The Python performance suite (tests/performance_tests/) runs through
CodSpeed on the same nightly workflow. The
nightly dashboard surfaces both regressions and improvements; both are
worth investigating when they cross the noise threshold.
Add a Rust bench (Criterion or iai under crates/<crate>/benches/) when
the work is in Rust and you want either an absolute number or an
instruction-count change signal. Add a Python performance test
(tests/performance_tests/..., picked up by CodSpeed) when the work
crosses the Cython/PyO3 boundary or measures end-user Python API cost
that wouldn't show up in a pure-Rust bench. The two suites are
complementary: the Rust suite tracks engine performance, the Python suite
tracks the API surface users actually call.
| Framework | Measures | Use for |
|---|---|---|
| Criterion | Wall‑clock time with confidence bands | Anything ≥ 100 ns; absolute measurement; comparison. |
| iai | Retired CPU instructions (via Cachegrind) | Sub‑100 ns functions; CI change detection. |
| flamegraph | Sampled call‑stack profile | Investigating where time goes inside a slow bench. |
Criterion produces wall-clock numbers. They reflect what the user actually experiences but vary with CPU frequency, thermal state, scheduler decisions, ASLR, and cache state. Reduce that noise (see Reducing noise below) before quoting them.
iai counts machine instructions under valgrind's Cachegrind. For a fixed binary, toolchain, inputs, and environment the count is deterministic, so small changes in count are a reliable change signal in either direction.

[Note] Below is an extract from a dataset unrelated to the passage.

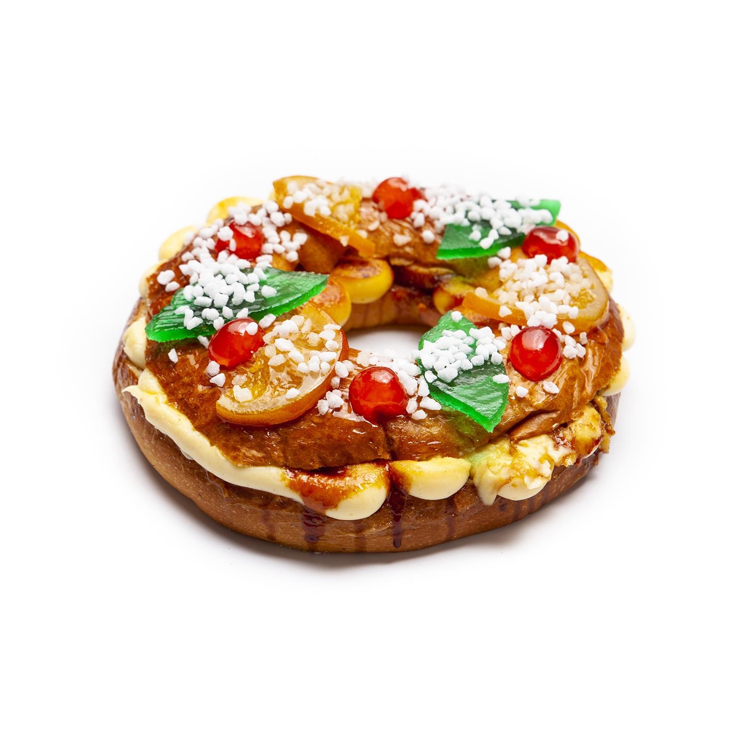 Brioche de doble fermentación relleno de nuestra crema quemada. Decorado con fruta confitada y azúcar perlado. Con rey y haba
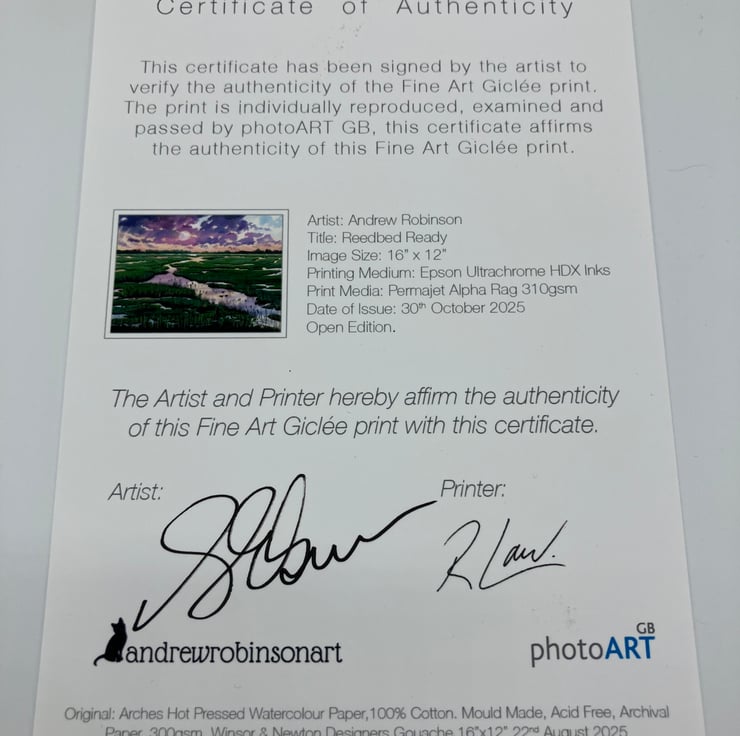 The framed print comes with a 'Certificate of Authenticity' which documents the details of the original painting and the art print. The Certificate of Authenticity is affirmed with a signature from both myself (the artist) and the printer.

The count is not directly comparable to wall-clock time, and counts measured on different binaries (toolchain bumps, codegen changes) shift in ways that are not portable. Use iai to detect changes on the same machine and toolchain, not to size workloads.

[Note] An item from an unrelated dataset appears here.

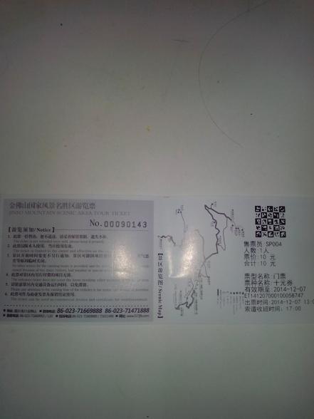 重庆金佛山门票10兑换券(就是说在景点大门购票处用此券再加10块钱就可以换到原价75元的门票了,有效期为2014年12月31日)。
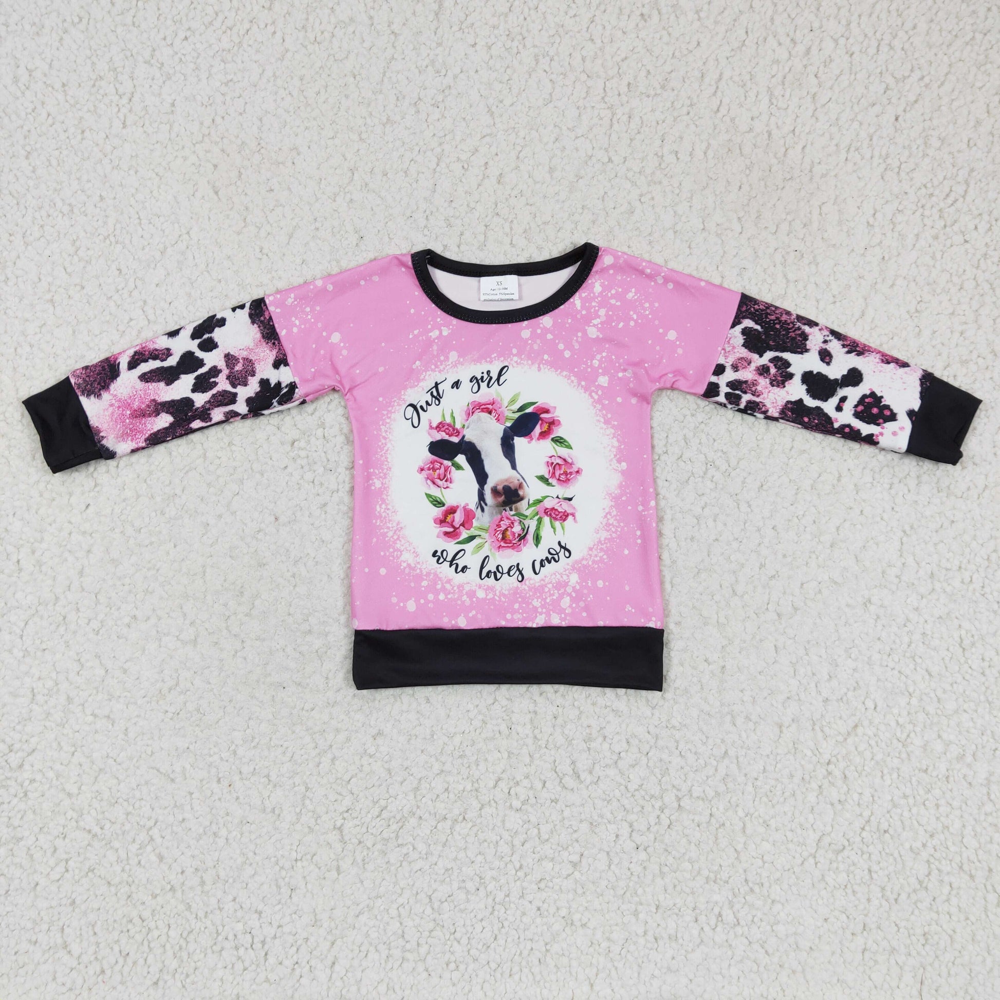 GT0077 girls shirt long sleeve top cow print clothing milk silk

For setup, examples, and templates, see the developer guide.
We record benchmark results in three places, depending on context.
Inline Criterion HTML reports. Each cargo bench run writes
target/criterion/<group>/<id>/report/index.html. Criterion's saved
baselines (in the same directory) provide PR-vs-base comparisons when the
two runs are done back-to-back on the same machine.

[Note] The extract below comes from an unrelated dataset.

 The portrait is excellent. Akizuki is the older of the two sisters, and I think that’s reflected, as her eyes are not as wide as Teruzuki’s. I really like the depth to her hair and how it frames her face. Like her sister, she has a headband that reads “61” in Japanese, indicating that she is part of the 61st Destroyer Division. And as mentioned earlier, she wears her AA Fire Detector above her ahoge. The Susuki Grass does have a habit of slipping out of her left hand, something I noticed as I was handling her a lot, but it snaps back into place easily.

Release notes. When a change produces a measurable performance improvement, add a brief entry under "Internal Improvements" naming the optimized component. Don't paste full bench tables into release notes; one line is enough. Larger headline numbers belong in the PR description.
PR descriptions. Substantive optimization or restructure efforts that span multiple changes should include a "headline numbers" table in the PR description, with hardware and toolchain noted alongside (see the example below). The PR description is the durable home for those numbers; release notes get one terse line.
We do not currently maintain a checked-in historical bench database. Long-term records live wherever the CI workflow uploads them (CodSpeed for the Python suite; Criterion HTML on the runner for Rust).
For Criterion runs whose numbers will be reported or compared, reduce noise before measuring:
Build with the bench profile. It inherits from release and
preserves full debug symbols (configured in the workspace Cargo.toml).
cargo bench uses this profile by default.
Quiesce the machine. Close other workloads. On Linux, set the CPU
governor to performance:
sudo cpupower frequency-set -g performance
Disable ASLR for repeatability (Linux):
setarch -R cargo bench -p <crate> --bench <name>
Disable hyper-threading and dynamic frequency scaling in BIOS for deeper analysis. Not required for casual measurement.
Run the bench multiple times and take the best or median per case. Criterion's confidence intervals already help, but multiple full runs catch session-level drift.
Record the machine. When publishing numbers, note CPU model, kernel/OS, Rust toolchain, and which build profile produced them. Numbers without this context are not actionable.
Example header to accompany published results:
Hardware: AMD Ryzen Threadripper 9980X (64C), Linux 6.17.0
Toolchain: rustc 1.95.0
Profile: bench (inherits from release, debug = full)
For iai, none of the above applies: Cachegrind's virtual CPU model means instruction counts do not depend on machine quiescence or frequency scaling. Run it directly without the noise mitigations above.
cargo-ci-benches recipe.For implementation detail (writing benches, running locally, flamegraphs,
templates), see
docs/developer_guide/benchmarking.md.